Task statement — Only the stretch of the listing below that runs from the line with "SPINE Imaging Evaluation" through the line with "Frederik III, 2" is to be printed, exactly and with both ends.

Records for this exercise —
╔══

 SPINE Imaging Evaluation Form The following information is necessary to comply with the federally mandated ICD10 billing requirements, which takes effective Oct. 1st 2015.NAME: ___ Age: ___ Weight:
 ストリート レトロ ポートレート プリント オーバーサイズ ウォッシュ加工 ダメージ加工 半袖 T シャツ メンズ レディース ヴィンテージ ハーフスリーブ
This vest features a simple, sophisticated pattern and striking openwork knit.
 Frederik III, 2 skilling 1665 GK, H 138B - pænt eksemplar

╚══
╔══

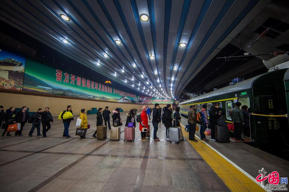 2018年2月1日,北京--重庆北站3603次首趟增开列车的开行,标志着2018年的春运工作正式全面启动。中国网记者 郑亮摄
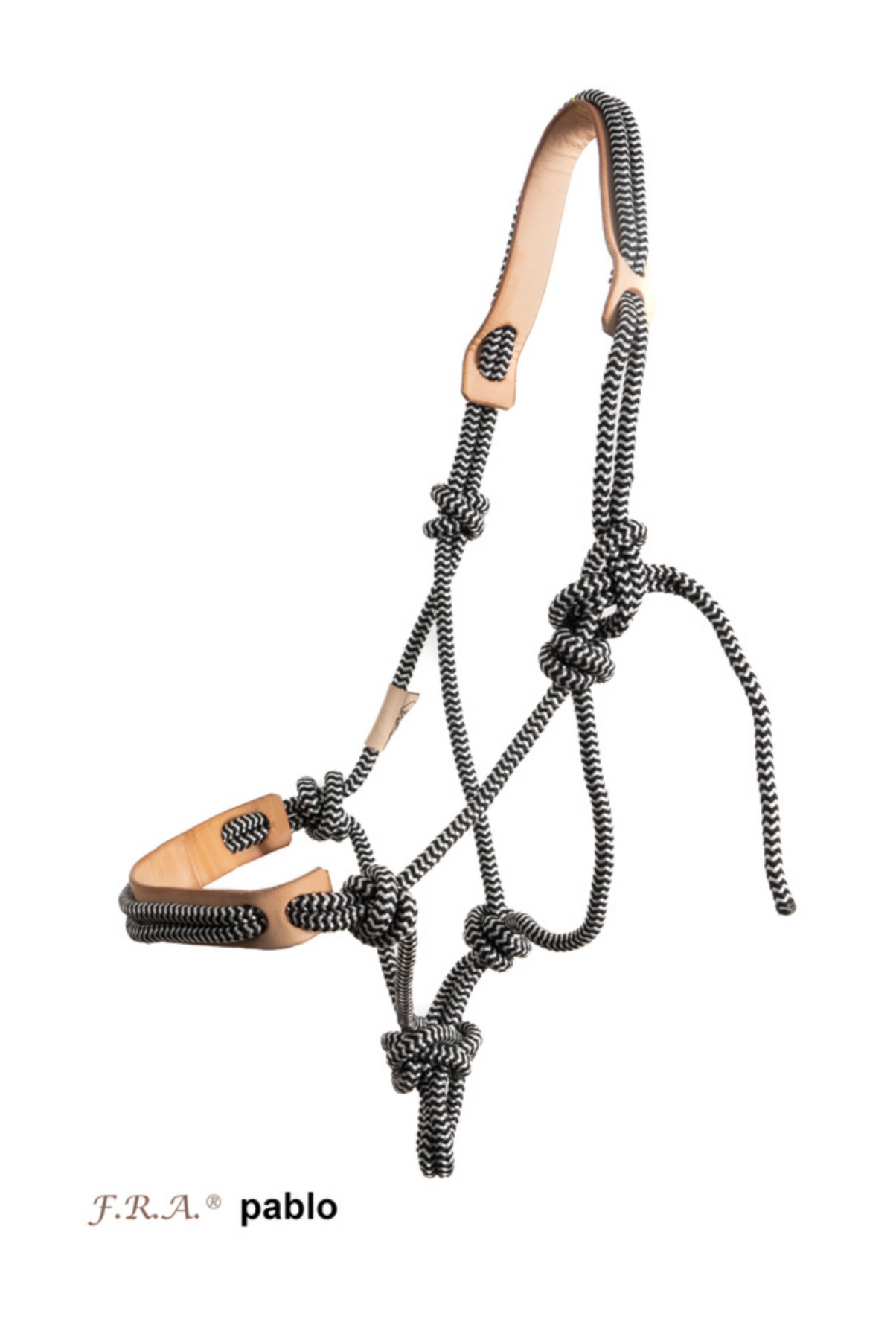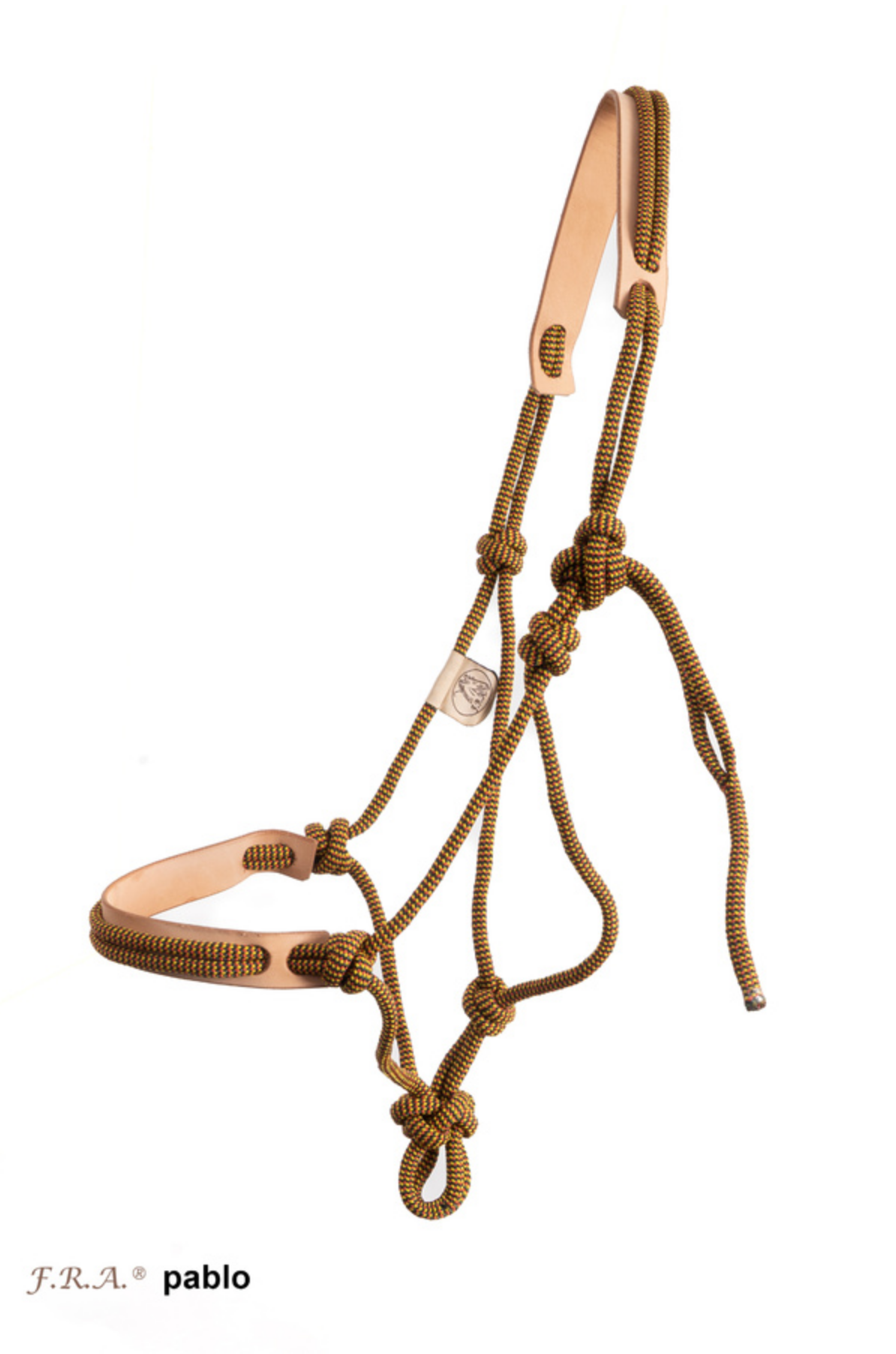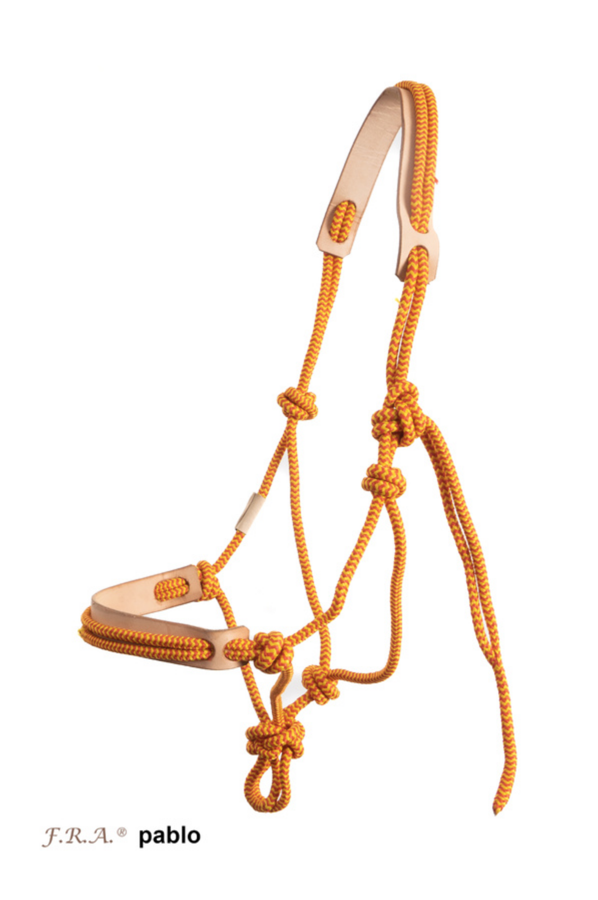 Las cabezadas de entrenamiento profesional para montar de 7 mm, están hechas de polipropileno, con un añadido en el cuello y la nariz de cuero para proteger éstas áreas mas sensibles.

╚══
╔══

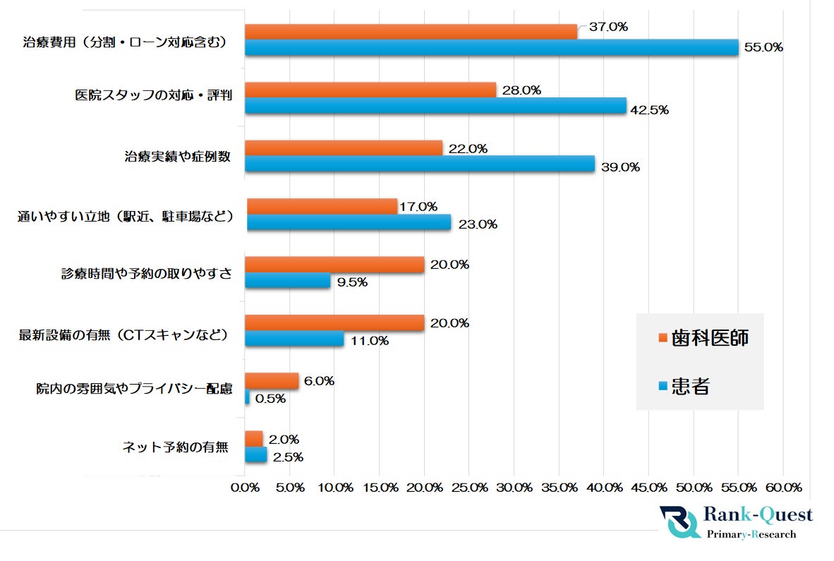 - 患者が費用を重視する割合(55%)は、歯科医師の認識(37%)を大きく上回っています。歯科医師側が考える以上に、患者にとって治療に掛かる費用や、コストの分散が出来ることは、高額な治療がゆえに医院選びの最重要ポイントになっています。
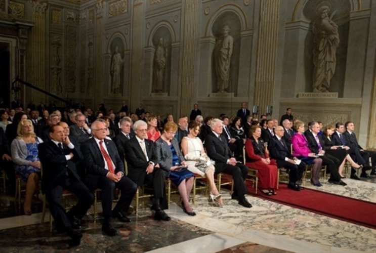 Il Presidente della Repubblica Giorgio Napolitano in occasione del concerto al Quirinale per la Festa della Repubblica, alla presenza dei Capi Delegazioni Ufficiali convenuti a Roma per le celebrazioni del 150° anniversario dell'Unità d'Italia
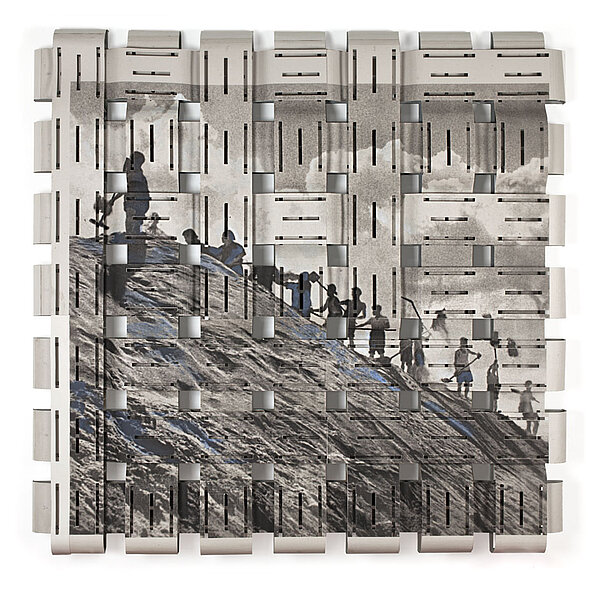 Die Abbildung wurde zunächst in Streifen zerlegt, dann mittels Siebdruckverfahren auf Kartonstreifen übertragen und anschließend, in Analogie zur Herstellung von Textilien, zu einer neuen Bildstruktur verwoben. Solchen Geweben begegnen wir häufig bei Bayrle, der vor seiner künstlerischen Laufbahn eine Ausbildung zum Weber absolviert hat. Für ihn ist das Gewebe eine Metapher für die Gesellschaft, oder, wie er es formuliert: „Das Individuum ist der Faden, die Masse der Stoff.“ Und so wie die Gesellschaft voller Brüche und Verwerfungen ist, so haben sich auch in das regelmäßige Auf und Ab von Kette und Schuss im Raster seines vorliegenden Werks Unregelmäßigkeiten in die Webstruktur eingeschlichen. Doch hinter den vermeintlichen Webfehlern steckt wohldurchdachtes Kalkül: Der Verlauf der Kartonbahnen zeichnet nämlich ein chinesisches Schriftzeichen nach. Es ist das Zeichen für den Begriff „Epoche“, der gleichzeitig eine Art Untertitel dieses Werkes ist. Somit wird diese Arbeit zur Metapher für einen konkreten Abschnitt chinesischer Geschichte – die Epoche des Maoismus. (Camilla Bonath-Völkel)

╚══

Answer box —
 SPINE Imaging Evaluation Form The following information is necessary to comply with the federally mandated ICD10 billing requirements, which takes effective Oct. 1st 2015.NAME: ___ Age: ___ Weight:
 ストリート レトロ ポートレート プリント オーバーサイズ ウォッシュ加工 ダメージ加工 半袖 T シャツ メンズ レディース ヴィンテージ ハーフスリーブ
This vest features a simple, sophisticated pattern and striking openwork knit.
 Frederik III, 2 skilling 1665 GK, H 138B - pænt eksemplar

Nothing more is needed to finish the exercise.